Quick Tip for Firestorm Users – Movement
Some time back, Firestorm currently called Region Crossing Movement Prediction with two options. The legacy options were Predict and Stop. Now, having been modified somewhat, they are called “Unlimited” and “Stop when error gets too large”. Basically the first choice mirrors the SL viewer while the second one effectively dampens the crossing to make the crossing happen less painfully. Working with IAPS (Institute of Aviation Passenger Safety), we conducted a study that concluded that for flying, the legacy mode was the most desirable mode, while for driving and sailing, “Stop” mode performed better.
My tests this week seemed to prove that is still the case, although the difference is now is not significantly noticeable unless you are watching for it. In the past, it was really not safe to use Stop mode while flying because when hitting a badly lagged region, the airplane was typically not able to recover whereas hitting the same region in Predict/Unlimited mode it was more of a 50/50 chance.
Quite often, including during some of this testing, I am using Advanced Lighting.

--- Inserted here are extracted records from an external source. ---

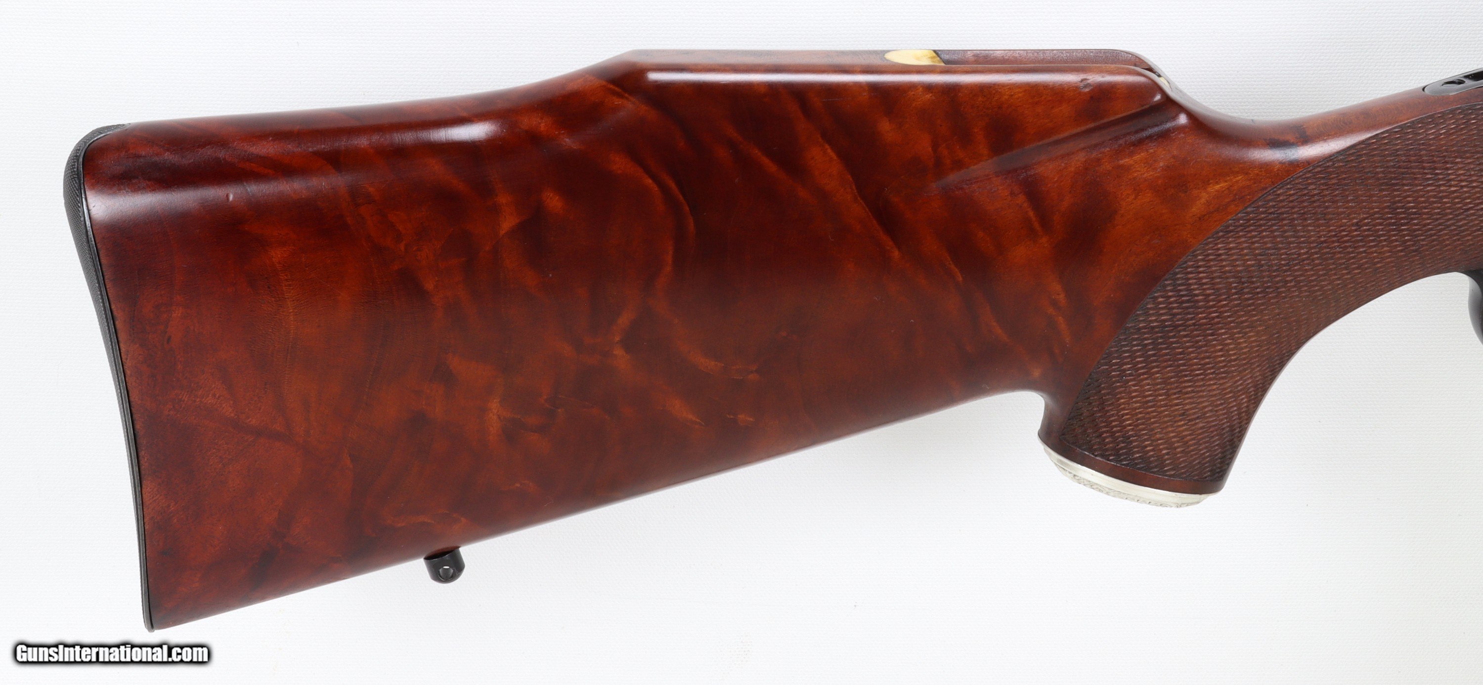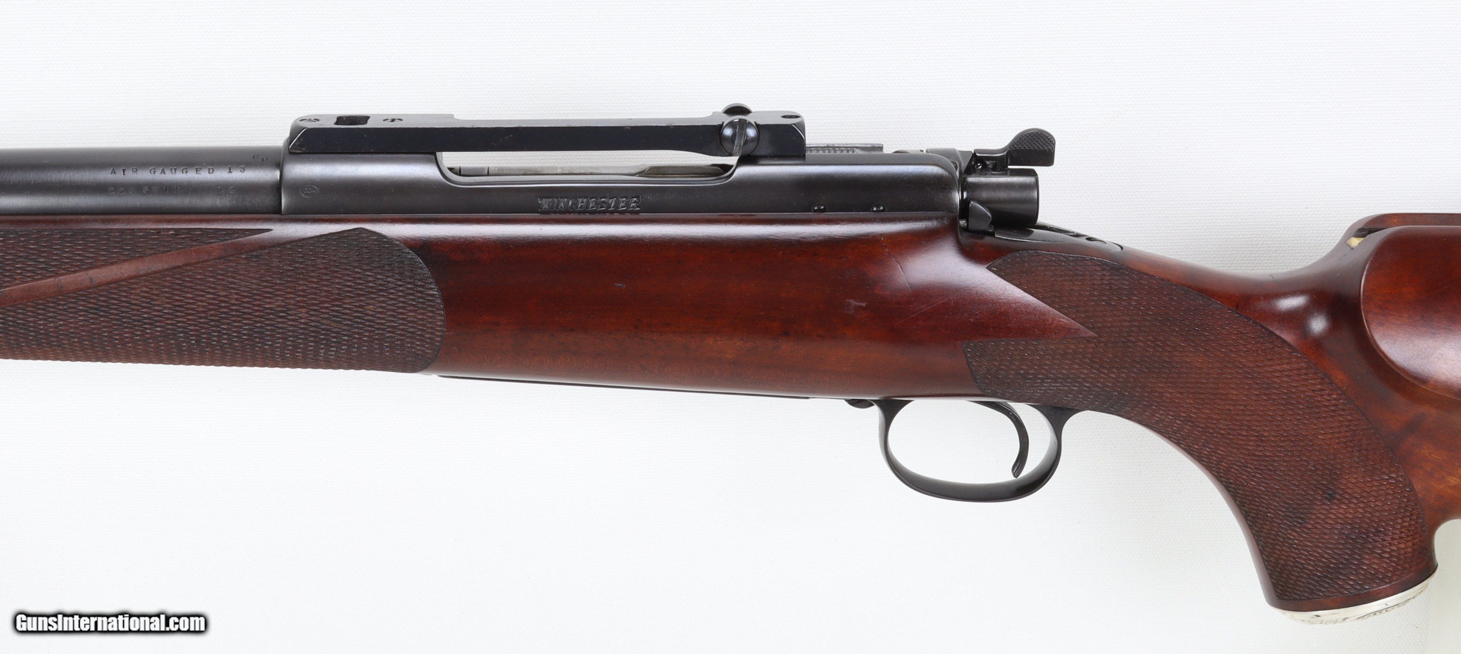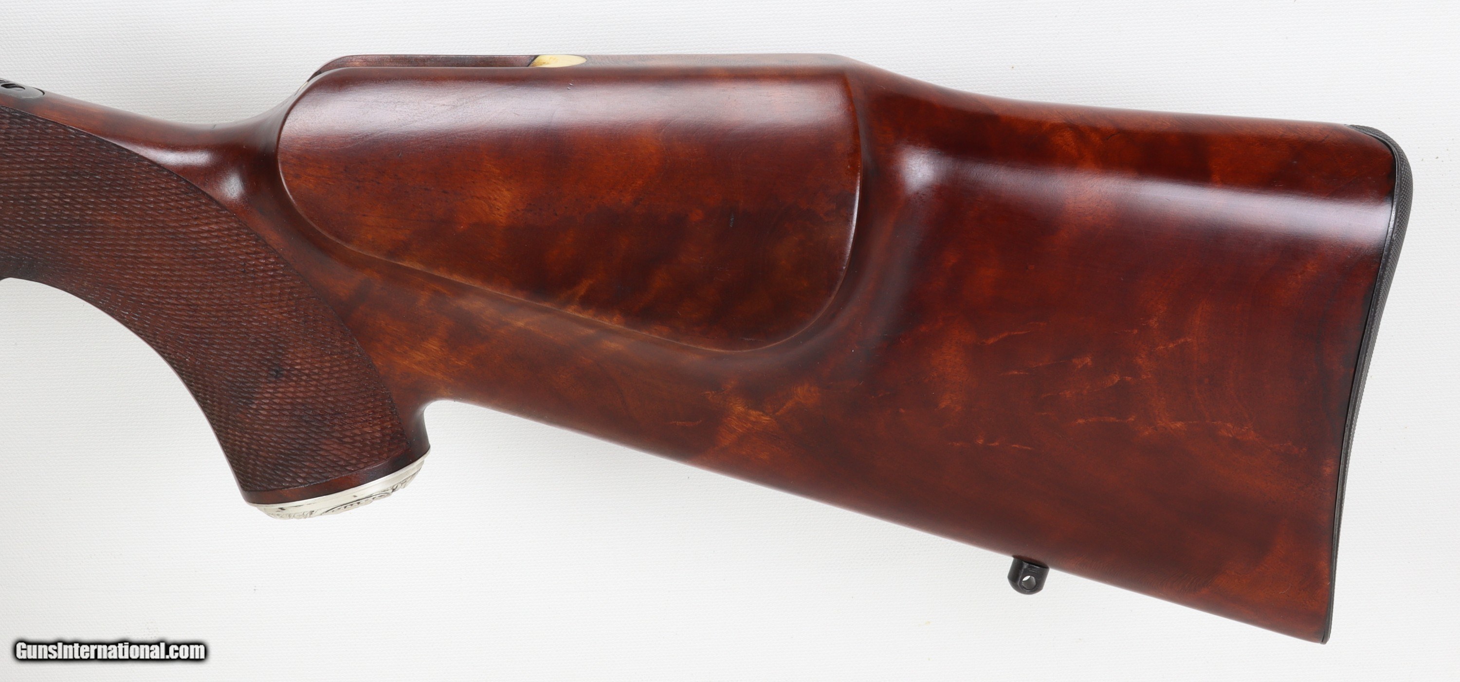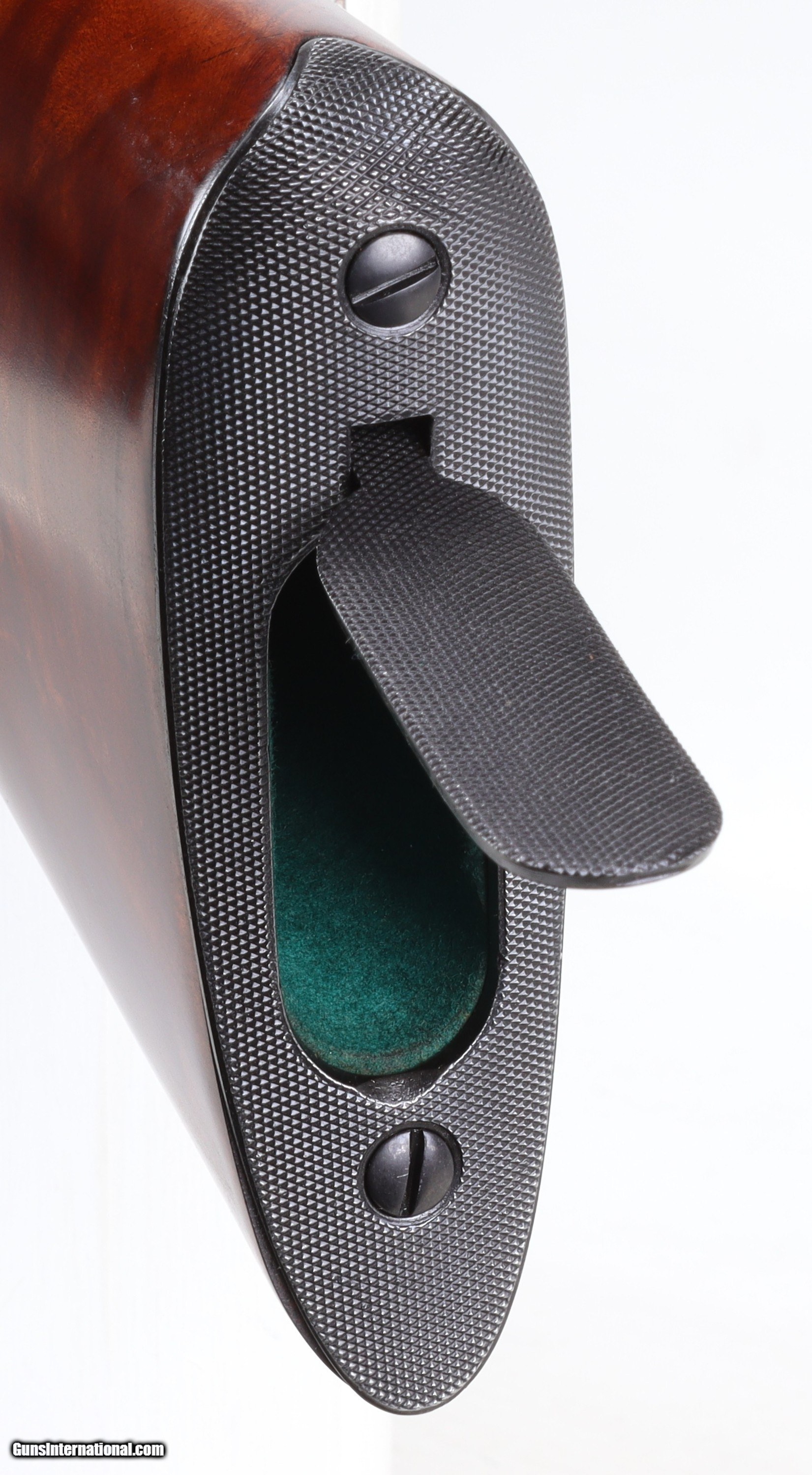 Description: WINCHESTER Model 70, Pre-64, SN# 19509, Mfg: 1939, .220 Swift, 26" Heavy Douglas Barrel, Marked, H.W. Creighton, C P, (Creighton Proofed), Fitted by Nashville, Gunsmth in 1985. Stock is Custom English Walnut Stock w/13 3/8 LOP. , by Hal Hartley, Lenoir, NC in 1984, "EXCEPTIONALLY BEAUTIFUL", WITH IVORY FOREND, Beautiful Checkering, Sterling Silver Pistol Grip Cap. The Butt Plate is Checkered, and has a Cleaning Kit Pocket. Original Sights Removed, and has Redfield Scope Base, Excepts Twist on Rings. This in an "EXCEPTIONAL TARGET RIFLE, BEAUTIFUL AS WELL. Ships to Lower 48, with Insurance: $100.00 Weight: 11lbs, Trigger Pull 1 1/2 oz, Minimum Travel. The Barrel and Receiver have been Re-Blued. ADDITIONAL PICTURES AVAILABLE ON REQUEST. Sold pending Receipt of Funds SOLD Curio/Relic: Yes |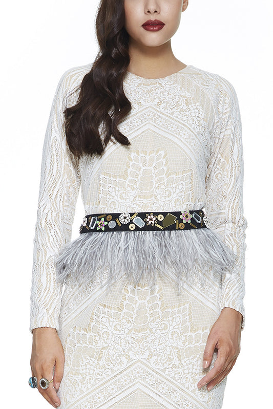 WHITE DELIMA - FEATHER BELT WITH METAL FLOWERS, ACRYLIC MIRRORS AND BEADING DETAILS (WHITE)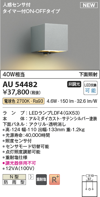 コイズミ照明 AU54482 ブラケット 非調光 LED 電球色 下方照射 人感センサ付 タイマー付ON/OFFタイプ 防雨型 サテンシルバー
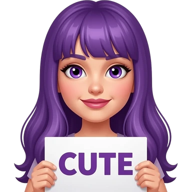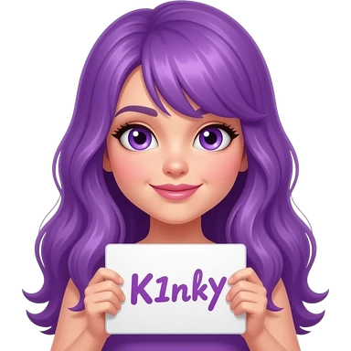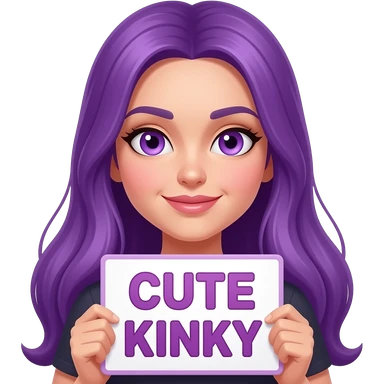 girl with long purple hair holding a CUTE but KINKY sign emoji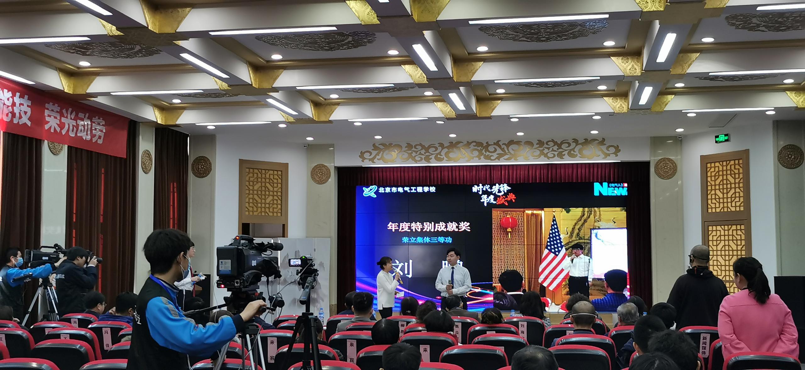 北京电气工程学校校长崇静在专题报告中指出,学校的建设发展,始终紧紧围绕立德树人根本任务,坚持党对意识形态工作的领导权,坚持营造风清气正的网络空间,坚持讲好中国故事、传播好电气声音。电气人通讯社以提升学生人文素养为特色,成为学校一块重要的思想政治教育阵地,培养“听党话、跟党走”信念坚定,立场鲜明的“电气人”。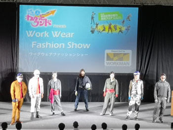 次にワークウェアファッションショーを見ました。工事現場で働いている方の負のイメージを払拭すべく、作業着メーカーの方は若い人が普段着にしてもオシャレに見えるデザインの作業着を販売しているそうです。会場ではプロのモデルやスタイリストの方の着こなし方を間近に見ることができました。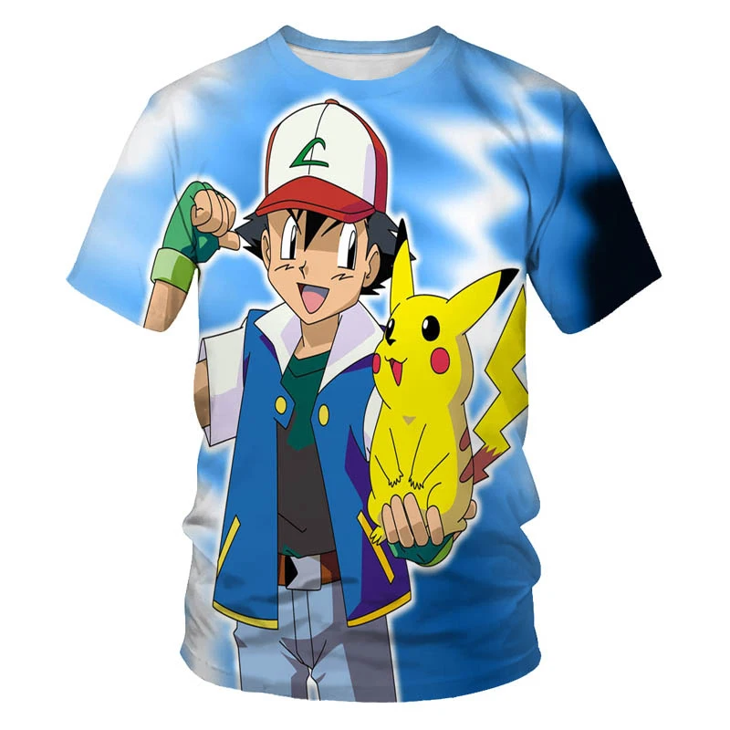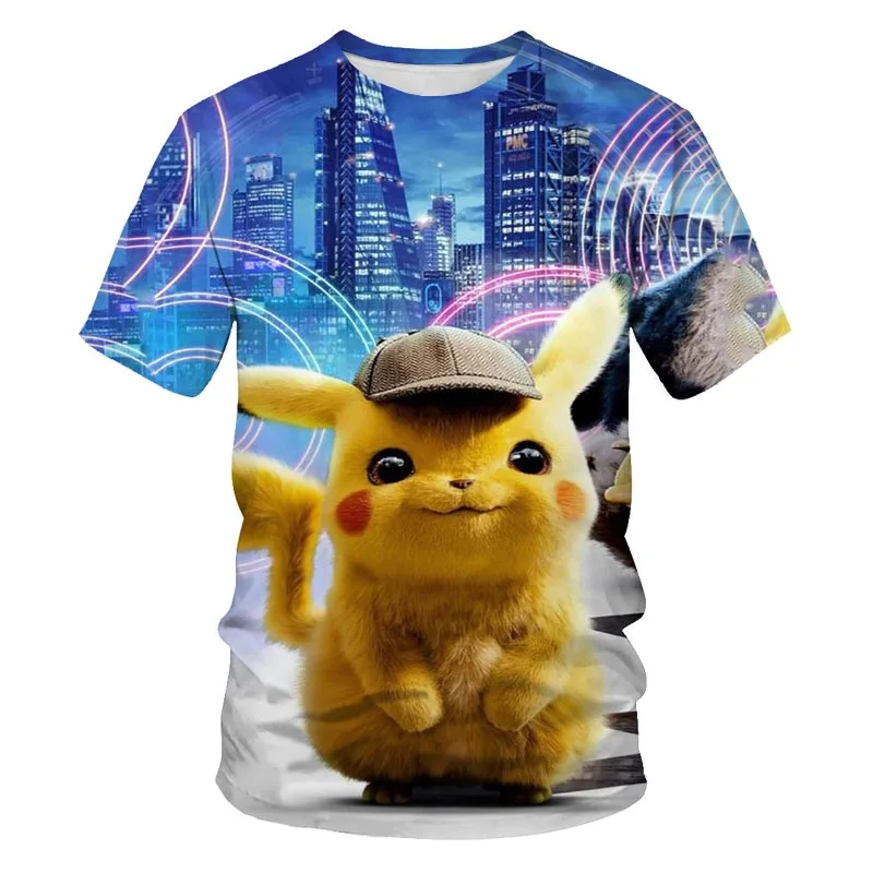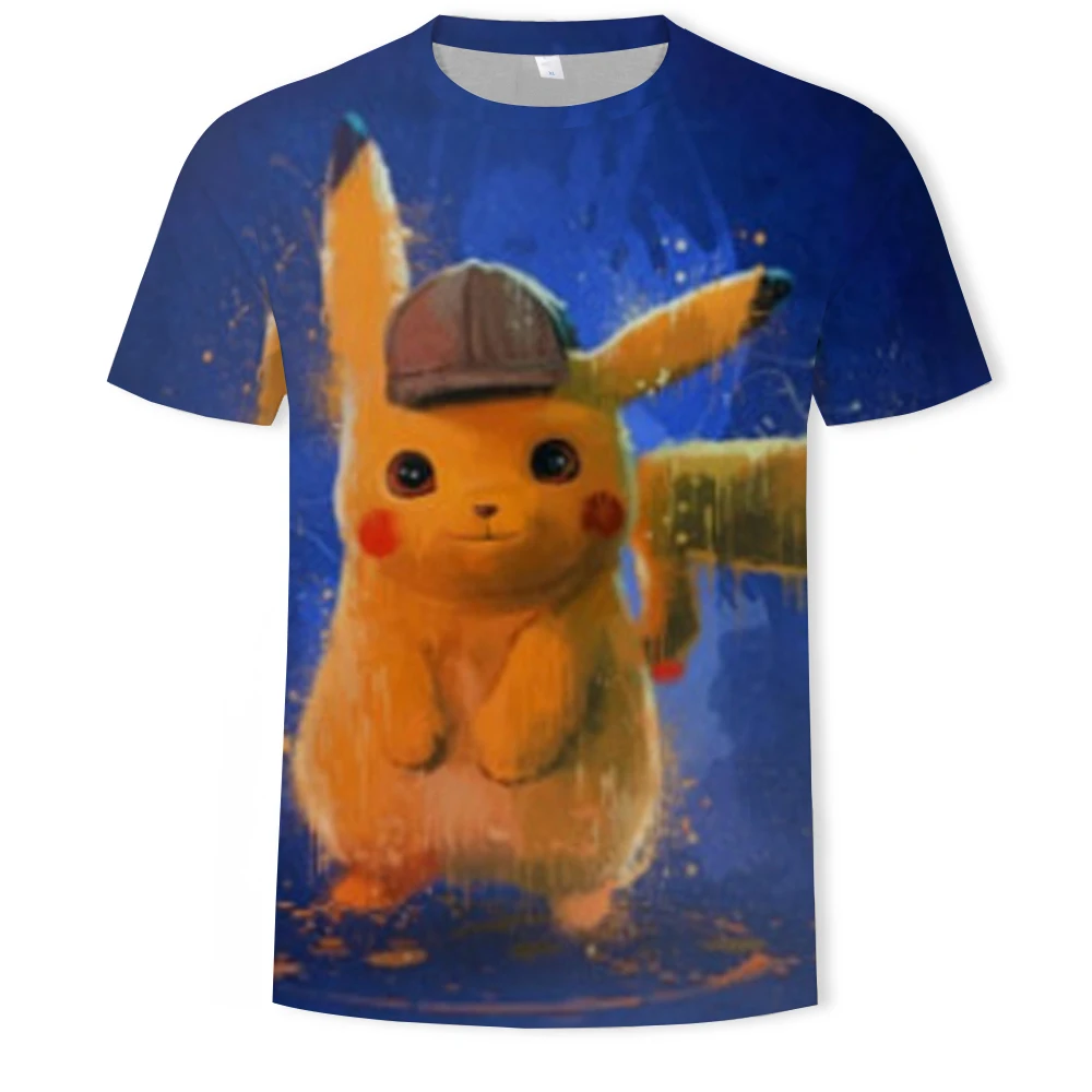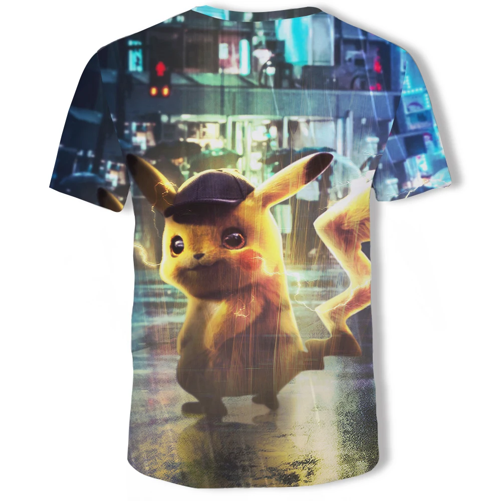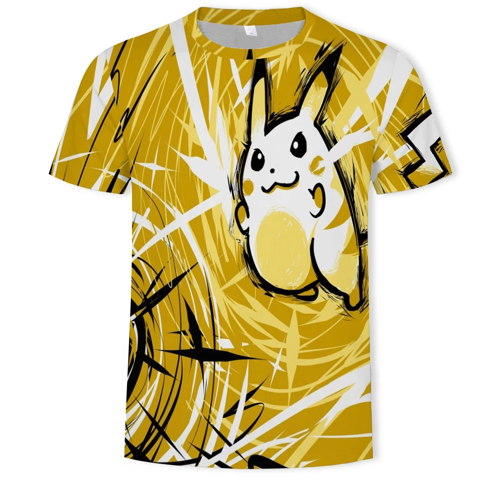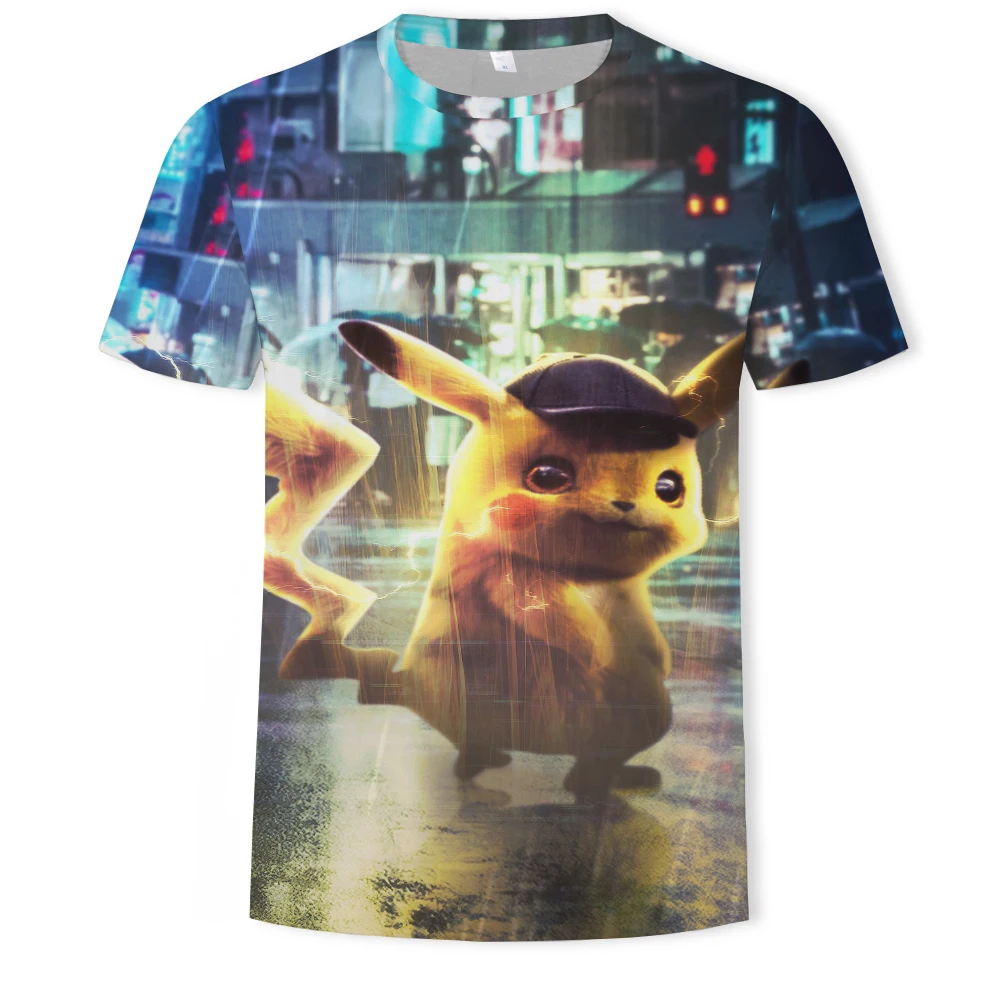 Мужская футболка большого размера с рисунком Аниме Пикачу, летняя уличная популярная забавная одежда в стиле хип-хоп для родителей и детей, размер 1106XL

Past recommendations have been to turn off advanced lighting for flight and maybe driving. However modern vehicles in SL quite often utilize advanced lighting for effect. Your mileage may vary with this, but for me I noticed very little if any degradation between on/off. This will depend mostly on the power of your graphics card. It may or may not affect a successful region crossing.
For my experience, this long overdue update has made flying enjoyable again. With that in mind, I really hope to see a lot more of both pilots and passengers taking to the skies again. As a pilot for one of the older airlines in SecondLife®, I look forward to seeing you all back in the air!